# HELP! grinding noise when turning and braking



## lindsay_4 (Dec 28, 2008)

Hi, I have an '05 X-Trail SE and after getting off the highway the other day (drove for about an hour) we heard a fairly loud grinding noise coming from the middle/back of the vehicle. We thought at first it could just be some ice in the wheel wells but I took it out today (+5 degrees) and the noise is actually worse. Our local dealership is closed for another 4 days so I can't take it in...The noise is worse when braking and turning corners but it's also there when accelerating. Does anyone have an idea of what the problem could be? Thanks!


----------



## Xtrailguy (Mar 9, 2006)

Sounds like it could be brake related, or a rear wheel bearing.
The XT is famous for problems with both. In my experience with wheel bearings, the noise will get louder when you turn one way or the other (depending on which side is bad). Hopefully it is something simple causing the grinding like ice build-up etc. The wheel bearings are roughly $120 at the dealer, and about a couple hours labour to install. Keep us posted.


----------



## MARKTHEEVILDUDE (Nov 23, 2006)

I had a similar problem a couple of years back, turned out it was the brake caliper seizing, went to take it to a brake specialist, they were to busy to look, during the half a mile from there to the stealers i seemed to lose nearly all braking. You should be able to tell with the heat coming of the disc's , warmed ur hand if u put it near it. Not a massive problem, but not so nice. I dunno if there is anywhere near u that does free brake checks like we have here, might be worth a look.


----------



## lindsay_4 (Dec 28, 2008)

I got the x-trail into our dealership this morning (turns out they're holiday hours sign was wrong!) and they said it was the brakes..it needed rear brake pads, re-machining the rear rotors and maintenance on the front brakes...a very expensive visit ($500). Thanks for the replies, much appreciated!


----------



## MARKTHEEVILDUDE (Nov 23, 2006)

ouch, thats an expensive visit! after the stealers charged me parts cost for 4new pads when the changed my caliper i decided to not bother using them for brakes, exhaust and such. They said i needed new pads seeing as they had to change the one, fair enough, but as far as i was concerned i was told the pads were fine a little while before, and as it was an insured part that caused the work needing to be done, i didn't think i should have to pay. Unfortunatly i was in bed after an op when it needed to be picked up and despite me telling her not to pay anything, they conned my mum out of £40+

anyways, glad you got it sorted and ur safely driving again, i have heard the pads make a noise when they need replacing, perhaps this was the noise?


----------



## Xtrailguy (Mar 9, 2006)

lindsay_4 said:


> I got the x-trail into our dealership this morning (turns out they're holiday hours sign was wrong!) and they said it was the brakes..it needed rear brake pads, re-machining the rear rotors and maintenance on the front brakes...a very expensive visit ($500). Thanks for the replies, much appreciated!

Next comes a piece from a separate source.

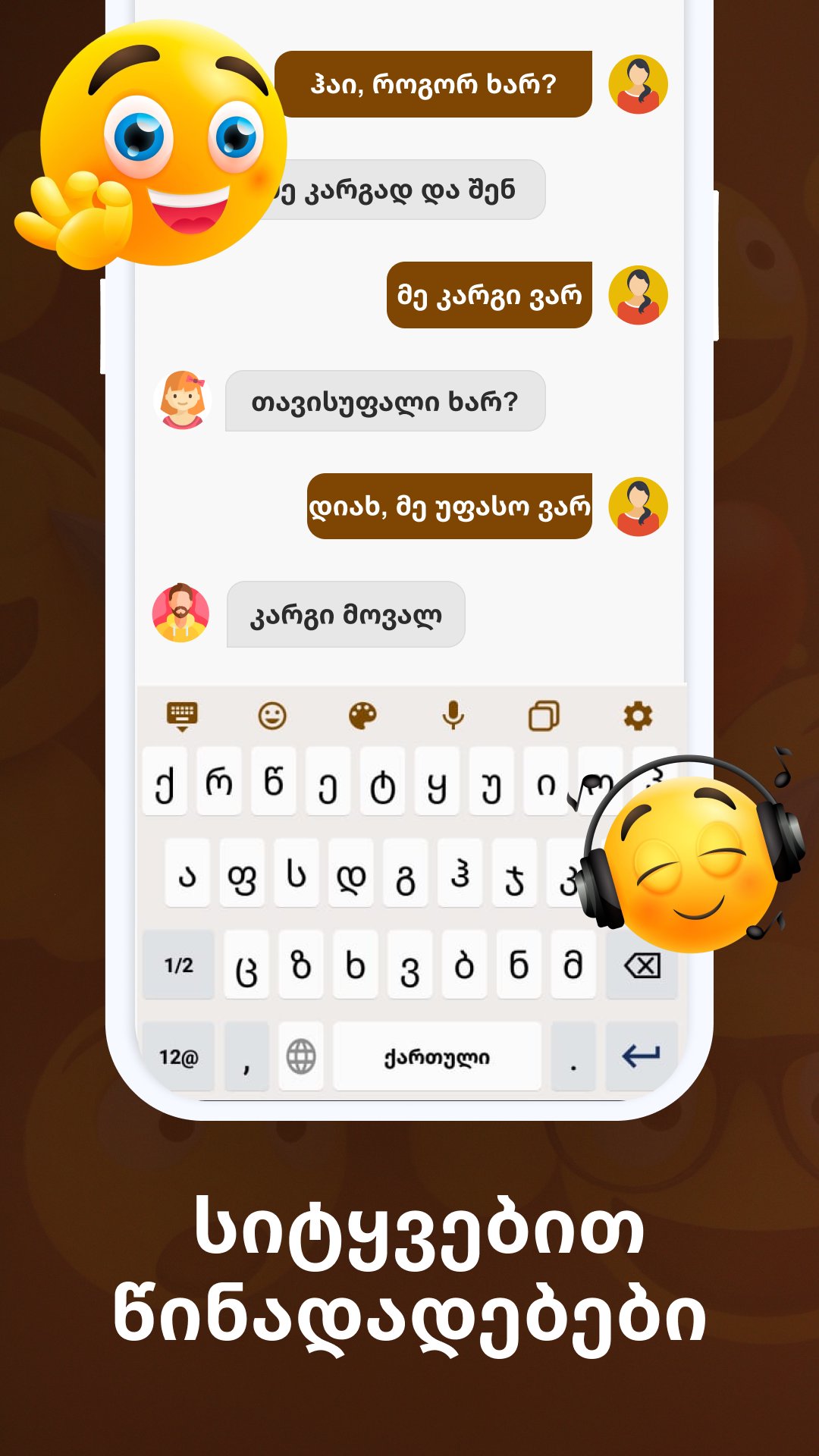 • Easy Georgian keypad includes new emojis, Symbols, and text styles

Glad you found the problem. How many km were on your XT? Is it the first time you had them replaced? I think regular preventive maintenance is the key with the XT rear brake system, especially if you are living in Canada with all the winter road grime.


----------



## tbk (Dec 29, 2008)

Xtrailguy said:


> Glad you found the problem. How many km were on your XT? Is it the first time you had them replaced? I think regular preventive maintenance is the key with the XT rear brake system, especially if you are living in Canada with all the winter road grime.



FYI, I use a local auto part place in Hamilton called A&A auto. They charge $30 a piece for aftermarket rotors, and $28 for a pair of rear pads. ($50 a piece for fronts and 28 for a set of front pads). I haven't used these parts for the x-trail, but I did use them on my protege and they were pretty decent quality. Machining rotors are a waste of time these days.

(I also pulled the trigger on a 2006 LE tonight, so I will probably be trying out the brake parts eventually)


----------



## lindsay_4 (Dec 28, 2008)

only at 51000k and during the last service they told us the brakes were fine...


----------